Médecine: hacker ouvert?

Le 29 juin 2011

La médecine est douée pour amasser le plus de connaissances possibles afin de soigner des patients. Parfois, quand elle est à cours de ressources, il convient cependant de la détourner de ses procédés habituels pour le bien du malade.

J’aime bien une émission de France culture, « Place de la toile ». Pour ceux qui s’intéressent aux cultures numériques mais qui ne sont que des béotiens, comme moi, c’est toujours passionnant. L’idée de cette note est née de l’écoute d’une émission sur l’histoire du Hacking. J’en avais écrit une première version qui est toujours en friche et le restera certainement. Cette nouvelle note est catalysée par des lectures récentes sur l’éthique médicale, une réunion institutionnelle sur les molécules onéreuses prescrites hors autorisation de mise sur le marché (AMM), une note de l’ami Jean-Marie qui reprend les propositions révolutionnaires de notre ministre de tutelle et une histoire récente.

J’ai découvert qu’Apple était né grâce au hacking des compagnies téléphoniques américaines en utilisant la blue box du Captain Crunch. Il est tout a fait fascinant de voir l’évolution de Steve Jobs, fabriquant des blue boxes [en], les revendant pour acheter du matériel, créer le premier Mac et, 30 ans plus tard, se transformer en créateur d’un des systèmes les plus fermés et propriétaires du monde. Comment le pirate de AT&T devient le créateur de iTunes et de l’Apple store ? La métamorphose est passionnante. Elle illustre à mon avis un des risques de l’obsession de normalisation de notre société que traduisent certaines mesures du plan de M. le Ministre comme:

Détection et suivi de l’usage “hors AMM” des médicaments afin d’identifier les pratiques à risque.

Par définition, une prescription hors AMM est perçue comme dangereuse, alors qu’elle pourrait aussi être perçue comme un vecteur d’innovation. Quand on détourne de son usage un objet, il en sort parfois du bon. Je suis convaincu que la sortie du net du milieu militaire et universitaire est un bien. Ces mesures sont prises à la va vite sous la pression de l’affaire du Médiator. Le système est défensif. Il repose uniquement sur le flicage plutôt que sur la formation, la responsabilisation et la mise en confiance des différents acteurs. La médecine défensive [en], contrairement à ce que de nombreuses personnes croient, coûte chère et n’améliore pas la qualité des soins.

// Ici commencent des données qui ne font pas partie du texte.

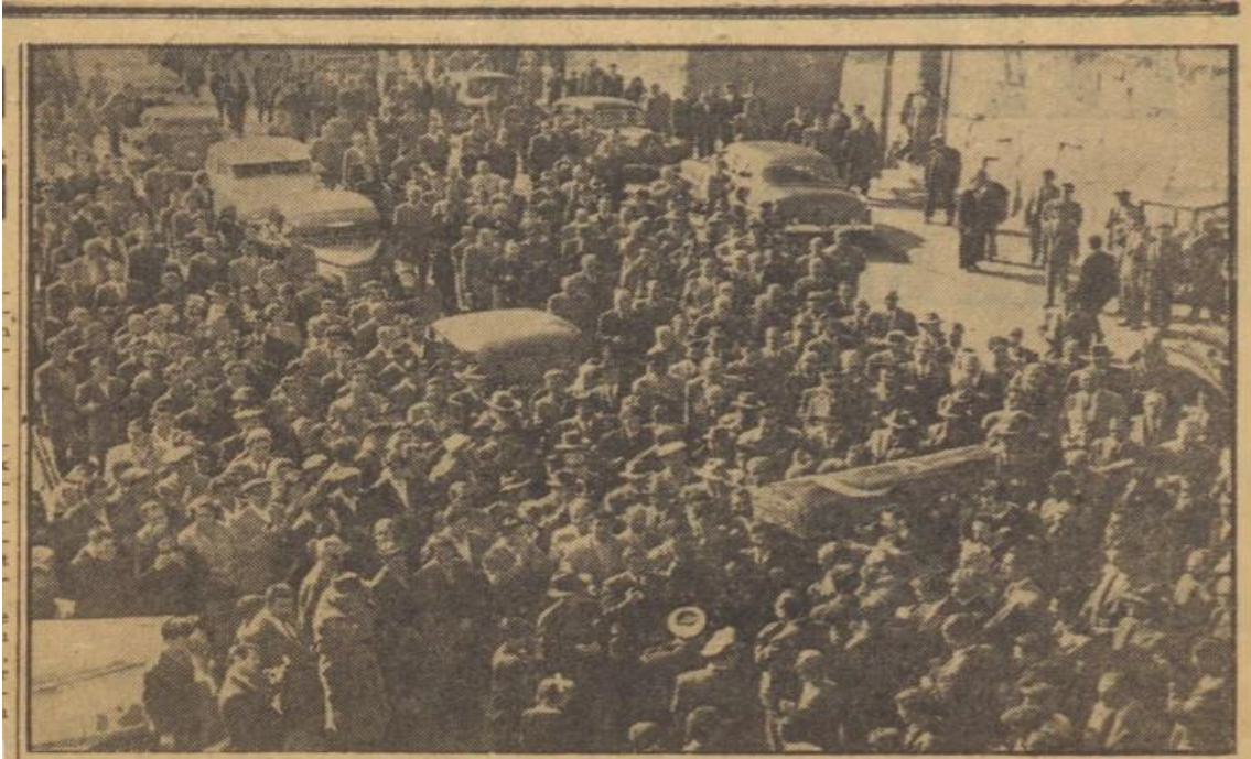
Rahmetli Hakkı Tarık Us'un tabutu eller üzerinde götürülüyor.

On veut normaliser pour que rien ne dépasse, pour vivre dans un cocon douillet, sans risque, dans une illusion de maîtrise, alors que la vie n’est que prise de risques et aléas.

Le médecin, ce hacker

La médecine est une activité à risque. Nous jouons avec la camarde une partie perdue d’avance. Notre but n’est que de la faire durer un petit peu plus. Il faut répondre à la souffrance du patient, à ses angoisses, à ses questions, à sa peur de la mort ou du handicap. Chaque individu est unique et nous devons faire l’inverse du scientifique. Nous partons du général pour aller au cas particulier en maîtrisant le mieux possible nos maigres connaissances. C’est ici que le médecin rejoint parfois le hacker.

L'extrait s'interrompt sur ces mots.